I went out today and took back most of my unused xbox 360 games and wireless controllers to get my brother a wired 360 one for darksouls and myself something that would work with my phone (though i wish it were an xbox 360 one, its not a big deal really). Maybe there is a way to use a xbox360 controller with the phone and I don't know it yet.

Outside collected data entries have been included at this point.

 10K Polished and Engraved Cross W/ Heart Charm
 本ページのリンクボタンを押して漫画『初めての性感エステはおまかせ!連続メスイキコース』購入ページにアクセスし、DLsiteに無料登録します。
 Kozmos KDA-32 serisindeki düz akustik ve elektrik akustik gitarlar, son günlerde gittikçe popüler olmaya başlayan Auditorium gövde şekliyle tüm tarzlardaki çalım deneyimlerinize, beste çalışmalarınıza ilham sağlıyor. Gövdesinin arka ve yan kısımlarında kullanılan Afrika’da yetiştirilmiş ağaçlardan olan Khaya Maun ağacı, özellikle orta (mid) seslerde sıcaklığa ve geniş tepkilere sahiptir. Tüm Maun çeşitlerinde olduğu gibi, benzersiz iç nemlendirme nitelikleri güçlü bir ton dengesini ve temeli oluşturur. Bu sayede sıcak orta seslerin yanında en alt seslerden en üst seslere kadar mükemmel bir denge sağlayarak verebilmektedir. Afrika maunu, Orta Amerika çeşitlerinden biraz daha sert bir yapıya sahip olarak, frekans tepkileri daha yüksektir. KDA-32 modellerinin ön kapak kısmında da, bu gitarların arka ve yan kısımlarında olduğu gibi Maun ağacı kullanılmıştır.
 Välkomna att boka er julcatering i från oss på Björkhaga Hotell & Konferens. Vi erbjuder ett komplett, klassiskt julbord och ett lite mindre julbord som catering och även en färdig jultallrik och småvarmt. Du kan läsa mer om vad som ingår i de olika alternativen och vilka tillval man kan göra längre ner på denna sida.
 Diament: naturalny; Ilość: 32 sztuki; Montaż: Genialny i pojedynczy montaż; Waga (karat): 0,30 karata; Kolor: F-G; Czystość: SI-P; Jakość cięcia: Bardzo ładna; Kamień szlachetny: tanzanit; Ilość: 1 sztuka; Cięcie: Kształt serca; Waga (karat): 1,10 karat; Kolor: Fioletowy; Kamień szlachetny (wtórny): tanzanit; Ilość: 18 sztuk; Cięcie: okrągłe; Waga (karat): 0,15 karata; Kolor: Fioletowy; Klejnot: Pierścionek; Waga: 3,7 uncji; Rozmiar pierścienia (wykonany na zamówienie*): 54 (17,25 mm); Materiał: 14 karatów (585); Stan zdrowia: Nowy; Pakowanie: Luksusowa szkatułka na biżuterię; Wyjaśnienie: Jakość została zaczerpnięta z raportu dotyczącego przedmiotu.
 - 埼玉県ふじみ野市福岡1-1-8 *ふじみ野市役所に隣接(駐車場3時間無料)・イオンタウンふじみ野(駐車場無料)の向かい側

I have been unsure as to how to go about rooting my phone. i have asked around but most of my friends and classmates point me to a general webpage or forum, to which I find difficult to navigate. Before I start spending money on things, I just want to know what is necessary to make my phone into a friggin awesome unicorn. What do i need to buy, what i need to download, and so forth. im pretty sure i can use just a xbox 360 controller, i just wouldnt know how to go about that, and i only know about the PS3 controller cause I have seem people using it, though I would prefer it if I could use the 360 controller with my phone, as i plan on using Kainy and most the games i own use the 360 controller natively.

Any help or pointers in the right direction would be awesome. Sorry if this isn't the right place to place this, and for this being really really long!

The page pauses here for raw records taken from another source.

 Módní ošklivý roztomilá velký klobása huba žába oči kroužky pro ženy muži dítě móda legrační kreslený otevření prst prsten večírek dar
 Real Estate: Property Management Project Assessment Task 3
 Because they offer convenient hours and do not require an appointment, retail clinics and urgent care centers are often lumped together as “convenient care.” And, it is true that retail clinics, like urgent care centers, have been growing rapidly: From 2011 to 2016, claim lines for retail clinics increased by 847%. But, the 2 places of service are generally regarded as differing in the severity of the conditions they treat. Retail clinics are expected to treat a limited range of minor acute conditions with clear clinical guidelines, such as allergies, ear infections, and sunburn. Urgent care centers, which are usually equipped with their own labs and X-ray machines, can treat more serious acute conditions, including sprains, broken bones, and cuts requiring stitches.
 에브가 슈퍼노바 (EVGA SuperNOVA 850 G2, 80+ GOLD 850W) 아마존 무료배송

tldr how to root Note II (AT&T) to AOKP and use controllers for Kainy

Christopher


----------



## carassius (Feb 18, 2012)

Welcome to the forum.

You state you have a Samsung Note II, so you should post here: http://rootzwiki.com/forum/538-galaxy-note-2/

Or, possibly, a mod can move it for you.


----------



## Lanmonster (May 9, 2012)

Google the first part of your tl;dr. How to root at &t note 2.
Welcome to the forums


----------



## Zxellon (Apr 24, 2013)

How do I contact a mod to move this over to the note 2 foums?

I searched Google for how to root the phone, all I could find were videos from last year and those may be outdated by then, and even then none of them cover how to apply AOKP to the phone. I am still unsure if i need to root it to use the xbox 360, or ps3 controller with the phone, which would be only reason i was trying to do this in the first place.


----------



## Lanmonster (May 9, 2012)

To contact a mod, there is a link at the top of the page that says "contact us". Click it and tell them what you want done and they will do their best.
The root methods *should* still work (I don't have that device so I don't know)
Once you have the phone rooted, bootloader unlocked, and have a custom recovery, just download the correct zip for your device and flash it in recovery. Jubakuba has a guide on flashing if you need it.

About you're last thing, I'm unsure of what you're trying to accomplish. Have you tried to use the controller(s) on your stock device?


----------



## sk3litor (Oct 3, 2011)

The whole controller thing I'm not sure about but as far as rooting goes you'd have to find a very updated way. I myself have been looking for a way to do it. I know Adam outler had a way but then Verizon patched it and the last I heard he was trying to fix his curious method. But you're on att so that might not apply to you. But getting a custom rom is the easy part. Once you're unlocked and rooted you will have what's called a custom recovery (which will be explained in the unlocking/routing process most likely). Then just go to the aokp website or various places to get the ROM, down load it to your phone and install it through the afore mentioned custom recovery. Very very simple. As I said the only hard part is finding the most up to date unlocking rooting method that has not been patched by the carrier. Again as for the controller I couldn't help except to say that I would think you could just connect any Bluetooth controller through.... Well Bluetooth.







good luck and have fun

Sent from my SCH-I605 using Tapatalk 2


----------